───── Entries shown

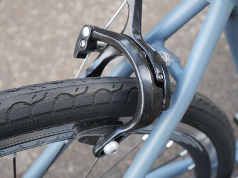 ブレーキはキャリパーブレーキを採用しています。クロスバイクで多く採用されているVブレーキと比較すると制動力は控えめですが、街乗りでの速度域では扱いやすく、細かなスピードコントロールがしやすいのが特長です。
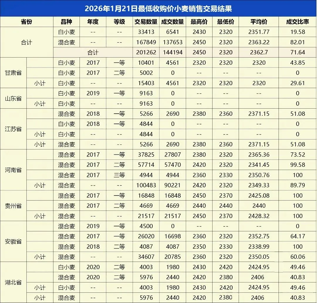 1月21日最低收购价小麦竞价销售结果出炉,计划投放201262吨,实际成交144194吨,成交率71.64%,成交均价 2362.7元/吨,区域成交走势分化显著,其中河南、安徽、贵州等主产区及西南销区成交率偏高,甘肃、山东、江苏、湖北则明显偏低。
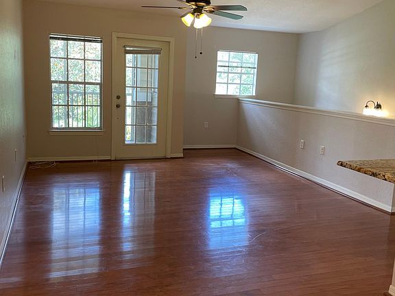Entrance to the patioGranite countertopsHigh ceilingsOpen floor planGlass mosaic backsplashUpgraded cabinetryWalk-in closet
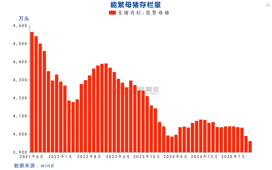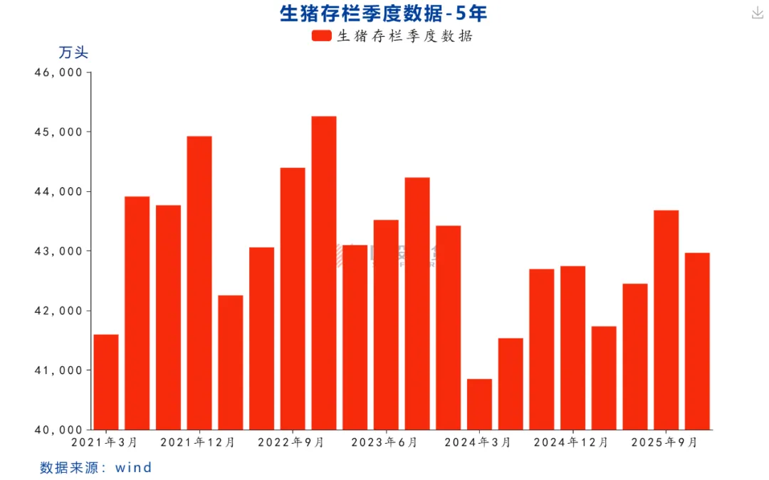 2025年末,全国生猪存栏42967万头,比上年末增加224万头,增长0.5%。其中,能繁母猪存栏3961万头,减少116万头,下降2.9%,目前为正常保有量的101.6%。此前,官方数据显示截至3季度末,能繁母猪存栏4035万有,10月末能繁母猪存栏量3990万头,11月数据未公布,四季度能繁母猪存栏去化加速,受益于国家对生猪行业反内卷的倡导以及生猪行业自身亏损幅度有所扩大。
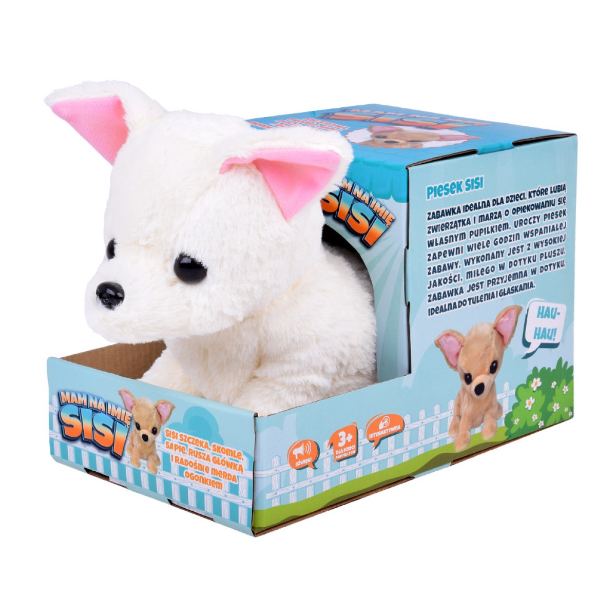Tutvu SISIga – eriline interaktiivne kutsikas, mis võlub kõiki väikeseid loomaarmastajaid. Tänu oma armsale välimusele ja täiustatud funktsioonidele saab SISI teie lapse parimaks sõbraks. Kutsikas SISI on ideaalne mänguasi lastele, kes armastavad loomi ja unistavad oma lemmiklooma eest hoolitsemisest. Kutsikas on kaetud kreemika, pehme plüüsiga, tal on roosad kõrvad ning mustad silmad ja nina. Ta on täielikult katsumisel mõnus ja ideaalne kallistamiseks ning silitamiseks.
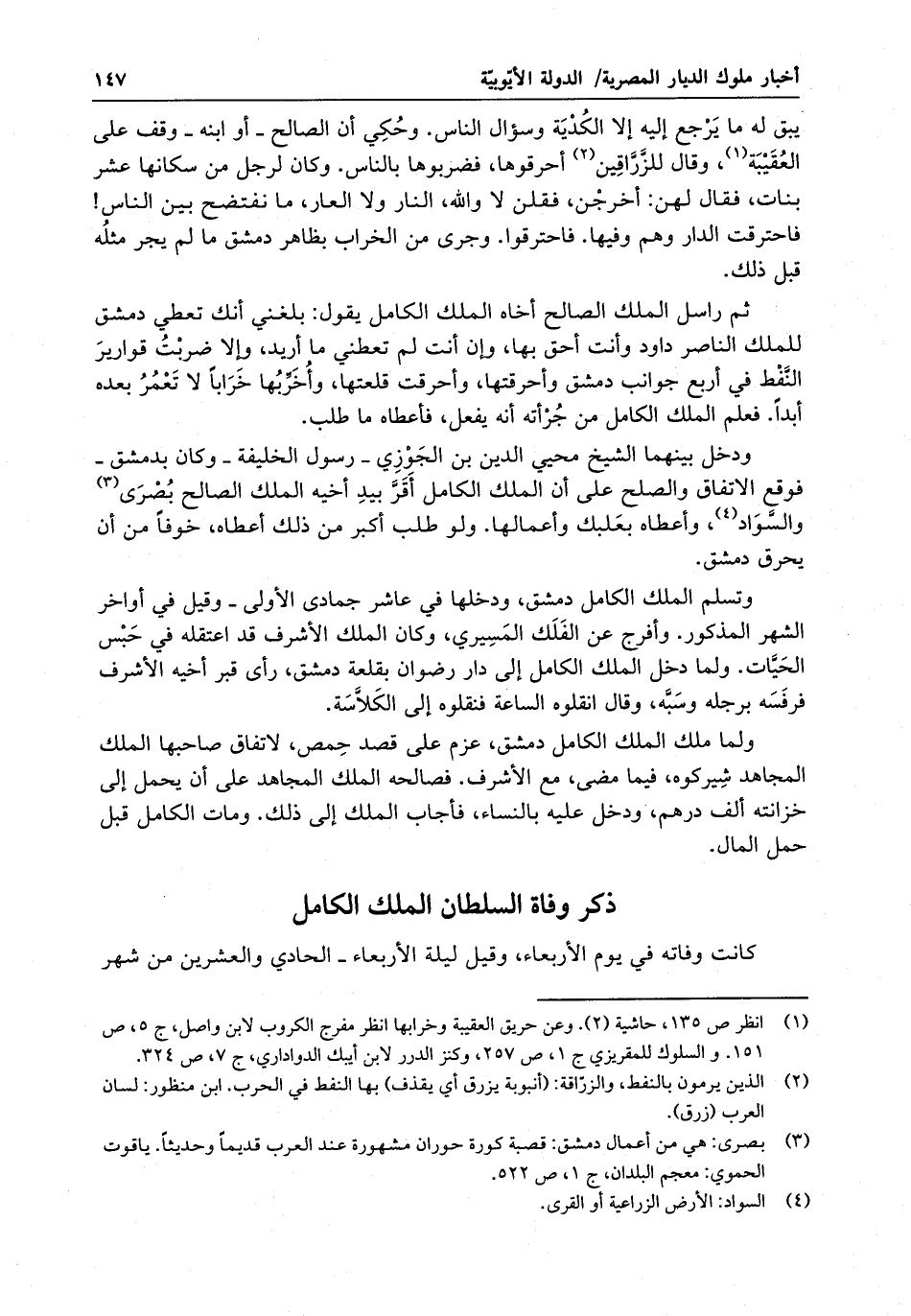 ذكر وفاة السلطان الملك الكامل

──────────
───── Entries shown

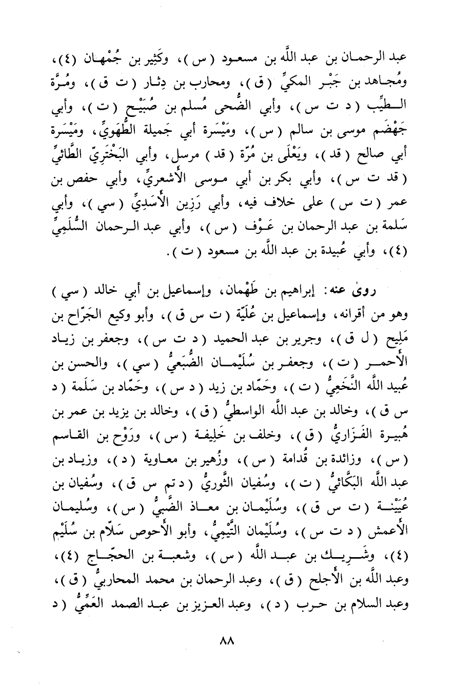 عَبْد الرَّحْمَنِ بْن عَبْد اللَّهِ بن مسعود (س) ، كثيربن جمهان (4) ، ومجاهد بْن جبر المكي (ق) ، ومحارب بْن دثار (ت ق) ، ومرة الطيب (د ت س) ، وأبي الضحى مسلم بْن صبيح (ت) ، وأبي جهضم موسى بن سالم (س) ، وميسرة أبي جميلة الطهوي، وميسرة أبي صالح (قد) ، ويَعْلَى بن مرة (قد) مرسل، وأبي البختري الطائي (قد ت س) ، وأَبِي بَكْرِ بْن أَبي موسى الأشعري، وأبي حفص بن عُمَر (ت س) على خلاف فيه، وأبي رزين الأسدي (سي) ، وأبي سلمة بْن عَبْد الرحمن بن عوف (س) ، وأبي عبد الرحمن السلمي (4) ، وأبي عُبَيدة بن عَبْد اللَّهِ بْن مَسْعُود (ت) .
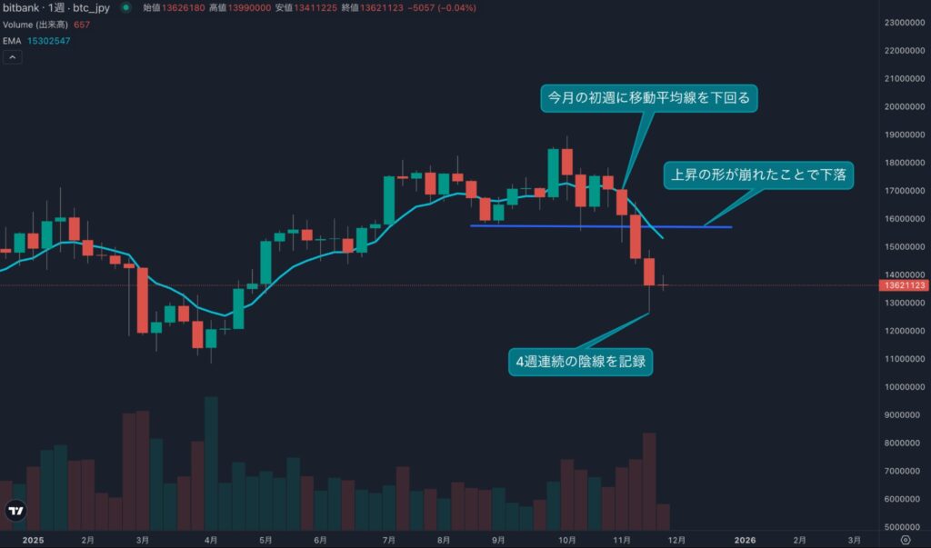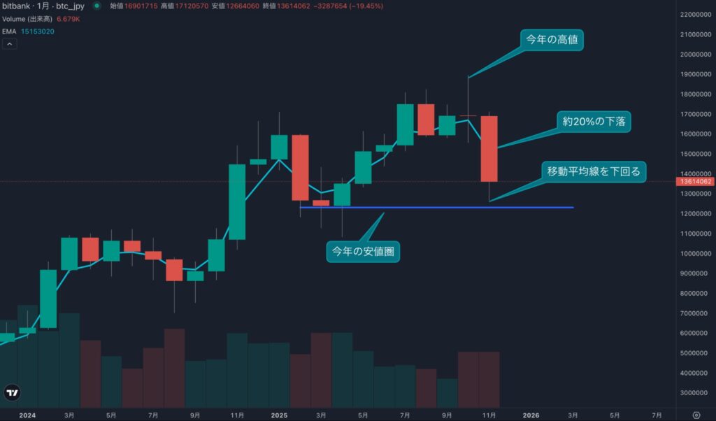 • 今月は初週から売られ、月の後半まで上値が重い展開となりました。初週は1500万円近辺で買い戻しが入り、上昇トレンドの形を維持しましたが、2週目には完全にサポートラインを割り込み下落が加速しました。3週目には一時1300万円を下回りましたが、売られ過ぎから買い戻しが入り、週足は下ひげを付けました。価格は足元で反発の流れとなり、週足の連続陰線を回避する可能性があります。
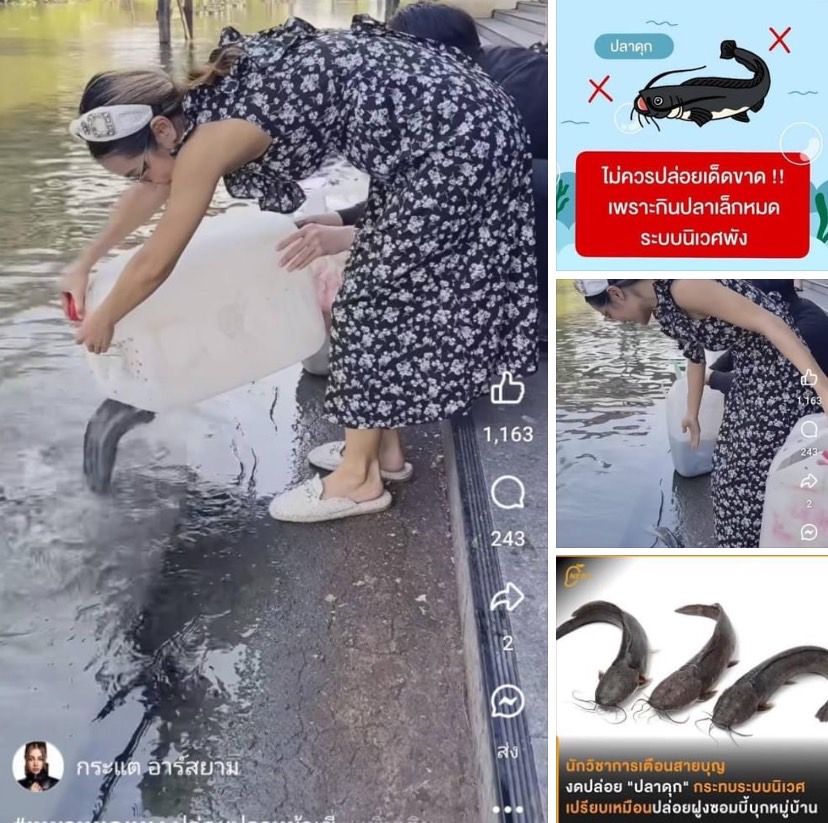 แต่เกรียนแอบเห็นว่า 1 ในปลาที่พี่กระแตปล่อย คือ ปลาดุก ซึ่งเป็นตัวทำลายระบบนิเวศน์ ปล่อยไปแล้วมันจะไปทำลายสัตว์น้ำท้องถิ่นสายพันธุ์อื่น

──────────
───── Entries shown

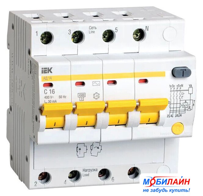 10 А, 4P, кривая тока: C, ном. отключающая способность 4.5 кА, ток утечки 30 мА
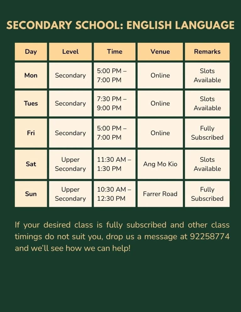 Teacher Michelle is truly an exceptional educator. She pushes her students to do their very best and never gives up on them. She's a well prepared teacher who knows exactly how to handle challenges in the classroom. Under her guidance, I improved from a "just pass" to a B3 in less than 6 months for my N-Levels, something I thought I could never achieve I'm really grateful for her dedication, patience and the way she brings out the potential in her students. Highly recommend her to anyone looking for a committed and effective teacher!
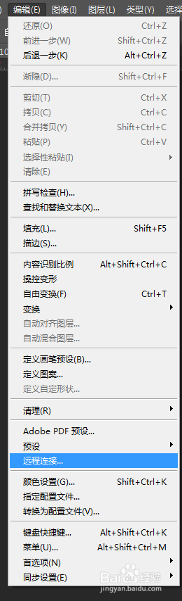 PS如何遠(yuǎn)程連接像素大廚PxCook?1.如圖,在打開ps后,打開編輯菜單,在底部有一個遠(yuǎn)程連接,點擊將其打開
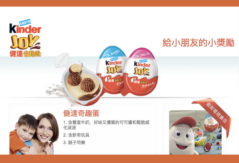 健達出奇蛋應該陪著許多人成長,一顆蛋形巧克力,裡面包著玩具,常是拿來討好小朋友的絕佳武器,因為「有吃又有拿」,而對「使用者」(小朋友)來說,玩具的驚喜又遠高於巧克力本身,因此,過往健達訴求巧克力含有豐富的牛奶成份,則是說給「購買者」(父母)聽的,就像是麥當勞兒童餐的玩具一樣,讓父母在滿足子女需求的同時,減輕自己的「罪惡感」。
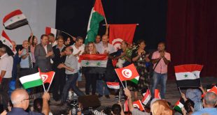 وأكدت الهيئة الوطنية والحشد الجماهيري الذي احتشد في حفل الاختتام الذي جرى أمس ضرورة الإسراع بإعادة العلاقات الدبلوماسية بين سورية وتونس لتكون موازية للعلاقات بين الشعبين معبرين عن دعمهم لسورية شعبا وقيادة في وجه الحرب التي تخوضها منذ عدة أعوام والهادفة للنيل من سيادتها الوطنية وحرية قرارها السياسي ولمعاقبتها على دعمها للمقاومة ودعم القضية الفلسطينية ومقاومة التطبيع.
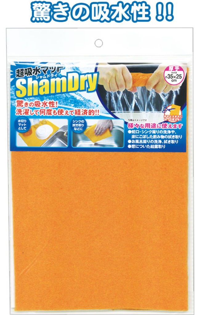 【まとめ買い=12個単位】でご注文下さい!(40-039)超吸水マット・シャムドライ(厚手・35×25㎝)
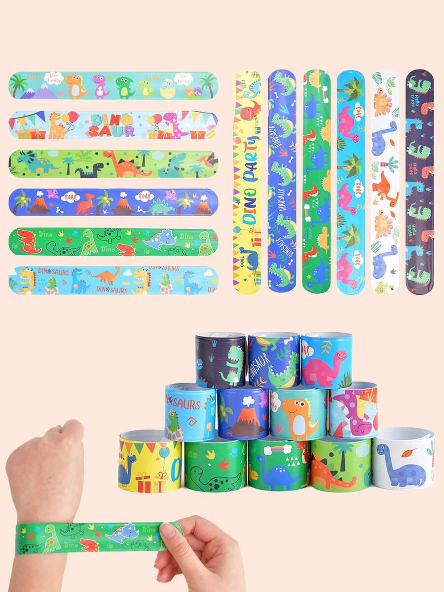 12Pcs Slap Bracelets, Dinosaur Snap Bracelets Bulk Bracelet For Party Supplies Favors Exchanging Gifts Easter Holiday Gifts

──────────

#### Exercise goal
Pictures in the entries do not go into the copy. Print only the lines starting at the one containing "ブレーキはキャリパーブレーキ" and ending at the one containing "1月21日最低收购价小麦竞价", exactly as they appear.

#### Result for this task
 ブレーキはキャリパーブレーキを採用しています。クロスバイクで多く採用されているVブレーキと比較すると制動力は控えめですが、街乗りでの速度域では扱いやすく、細かなスピードコントロールがしやすいのが特長です。
 1月21日最低收购价小麦竞价销售结果出炉,计划投放201262吨,实际成交144194吨,成交率71.64%,成交均价 2362.7元/吨,区域成交走势分化显著,其中河南、安徽、贵州等主产区及西南销区成交率偏高,甘肃、山东、江苏、湖北则明显偏低。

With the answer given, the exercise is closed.